ThingiPano: A Large-Scale Dataset of 3D Printing Metadata, Images, and Panoramic Renderings for Exploring Design Reuse
Contains JSON-Formatted Publicly-Available Metadata from Thingiverse (up to 2018), for both Users (n=283,873) and Designs (n=1,017,687). For qualitative analysis and for machine-learning applications, images associated with designs and multi-view panoramic 3D depth-map renders of 3D files are available for each design. For validation purposes, these panoramic renders are also provided for Shapenet, along with Matlab source code for generating these renders. Full paper is available at IEEE Xplore. Files are available for download at archive.org
Files | Compressed Size | Uncompressed Size | Number of Entries |
---|---|---|---|
Thingiverse Images | 97.5 GB | 100 GB | 1,816,295 images |
Rendered Panoramas | 27.6 GB | 31 GB | 1,052,017 3-view panoramas |
Design Metadata | 717 MB | 4 GB | 1,017,687 Designs |
User Metadata | 28.1 MB | 209 MB | 283,873 Users |
Shapenet Panoramas | 1.34 GB | 1.8GB | 44,902 3-view panoramas |
Below are some examples of design images and an associated 3-view panoramic depth-map representation of design 3D files. As discussed in the paper, this can be utilized for large scale analysis and tools to support reuse of 3D files for 3D Design and 3D Printing.

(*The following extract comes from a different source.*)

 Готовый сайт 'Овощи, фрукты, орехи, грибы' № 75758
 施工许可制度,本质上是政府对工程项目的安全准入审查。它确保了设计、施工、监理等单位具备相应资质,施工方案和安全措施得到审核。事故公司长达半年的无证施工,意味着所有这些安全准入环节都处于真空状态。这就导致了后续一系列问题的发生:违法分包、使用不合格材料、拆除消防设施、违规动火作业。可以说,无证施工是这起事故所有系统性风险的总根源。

Keys outlining the contents of User Metadata and Design Metadata are available in the data directory, along with a Jupyter Notebook demonstrating how to quickly load the needed Metadata.

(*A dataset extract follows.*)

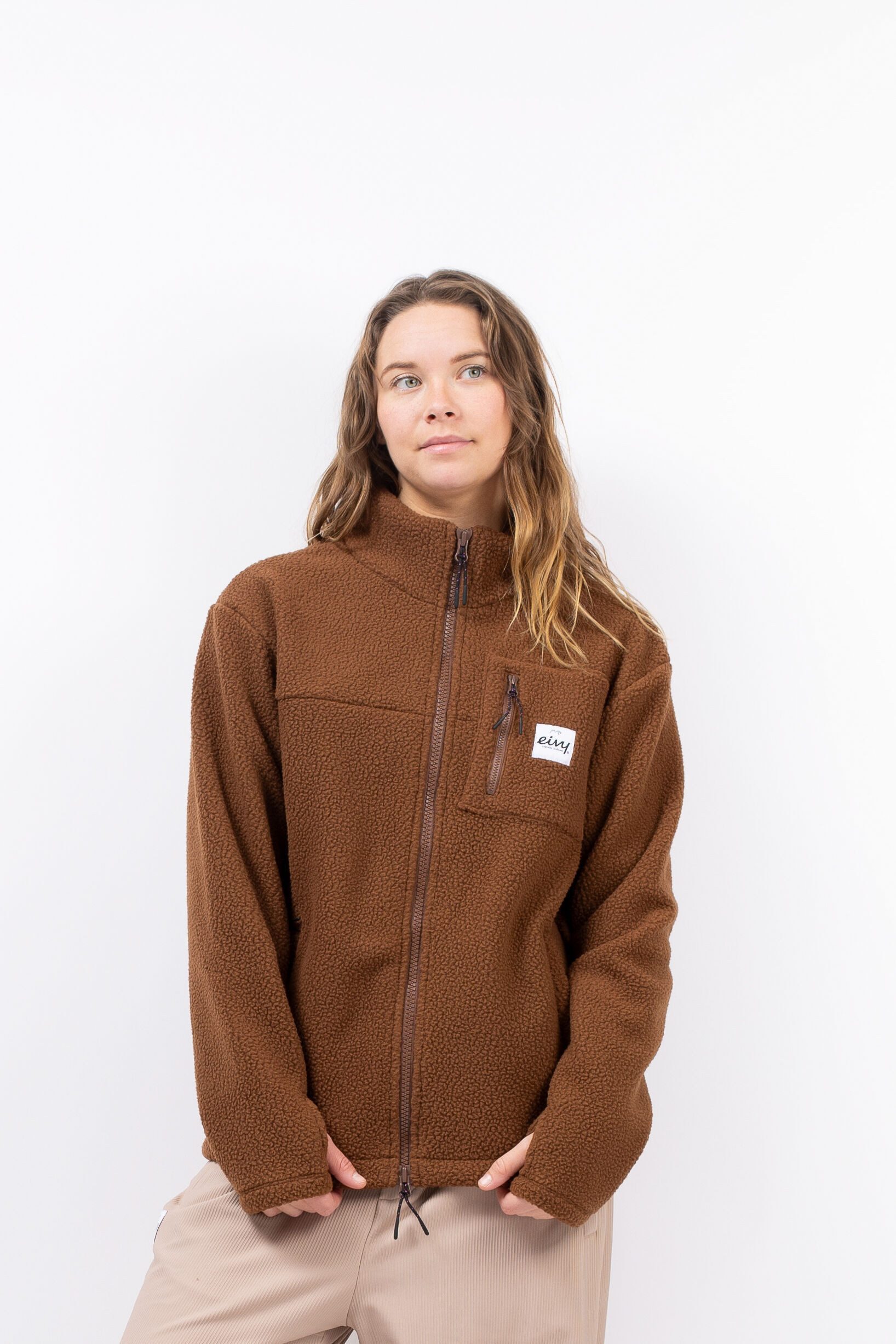 Dicke, weiche und warme Sherpa-Fleecejacke und Zwischenschicht. YKK™-Brustreißverschluss in zwei Richtungen, Seiten- und Brusttaschen mit Reißverschluss, gewebter Aufnäher und leicht abfallende Schultern. Integrierte Daumenschlaufen und ein elastischer Kordelzug zur Taillenregulierung. Die warme, erdige Farbgebung „Brown“ sorgt für einen natürlichen, stilsicheren Look – perfekt für alle, die klassische Töne mit funktionaler Performance verbinden möchten. Das mitteldicke bis dicke Material und die Vielzahl an Funktionen machen diese Jacke zu einem großartigen Teil für Herbst und Frühjahr sowie zu einer wirklich warmen Zwischenschicht. Entwickelt in Åre, Schweden, von Snowboarderinnen, Skifahrerinnen und Reisenden.

For machine learning purposes, an example data generator for loading the panoramas into a Keras neural network is provided in another example notebook.

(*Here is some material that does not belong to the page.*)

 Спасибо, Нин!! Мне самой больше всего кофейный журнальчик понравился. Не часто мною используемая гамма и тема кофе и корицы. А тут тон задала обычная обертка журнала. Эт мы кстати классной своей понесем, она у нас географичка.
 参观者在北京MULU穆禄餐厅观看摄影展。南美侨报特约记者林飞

Won the Best Student Paper award at the Sixth IEEE Conference on Multimedia Big Data (2020) (paper). Please cite the following if you utilize this dataset:
Berman, Alexander, & Quek, Francis (2020). ThingiPano: A Large-Scale Dataset of 3D Printing Metadata, Images, and Panoramic Renderings for Exploring Design Reuse. New Delhi: The Sixth IEEE International Conference on Multimedia Big Data.